Start of DATA SECTION

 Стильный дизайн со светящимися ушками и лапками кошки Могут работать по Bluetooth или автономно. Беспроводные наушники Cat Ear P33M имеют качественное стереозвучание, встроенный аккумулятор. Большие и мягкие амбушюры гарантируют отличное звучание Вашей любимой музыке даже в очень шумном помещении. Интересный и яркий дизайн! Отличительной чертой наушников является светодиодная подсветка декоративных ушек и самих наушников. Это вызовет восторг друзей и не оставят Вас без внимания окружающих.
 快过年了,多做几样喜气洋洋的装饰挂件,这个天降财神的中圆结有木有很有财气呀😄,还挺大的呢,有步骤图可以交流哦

End of DATA SECTION
Start of DATA SECTION

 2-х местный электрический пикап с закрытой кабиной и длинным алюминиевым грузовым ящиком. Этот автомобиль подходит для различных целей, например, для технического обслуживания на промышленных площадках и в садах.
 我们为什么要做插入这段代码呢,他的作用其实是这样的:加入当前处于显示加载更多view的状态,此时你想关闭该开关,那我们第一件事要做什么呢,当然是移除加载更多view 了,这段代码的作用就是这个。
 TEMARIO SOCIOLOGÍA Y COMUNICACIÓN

End of DATA SECTION

(PROBLEM REQUIREMENTS)
Scan the listing above for the line that has "2-х местный электрический", then copy exactly from that line through the line that has "TEMARIO SOCIOLOGÍA Y COMUNICACIÓN".

(YOUR RESPONSE)
 2-х местный электрический пикап с закрытой кабиной и длинным алюминиевым грузовым ящиком. Этот автомобиль подходит для различных целей, например, для технического обслуживания на промышленных площадках и в садах.
 我们为什么要做插入这段代码呢,他的作用其实是这样的:加入当前处于显示加载更多view的状态,此时你想关闭该开关,那我们第一件事要做什么呢,当然是移除加载更多view 了,这段代码的作用就是这个。
 TEMARIO SOCIOLOGÍA Y COMUNICACIÓN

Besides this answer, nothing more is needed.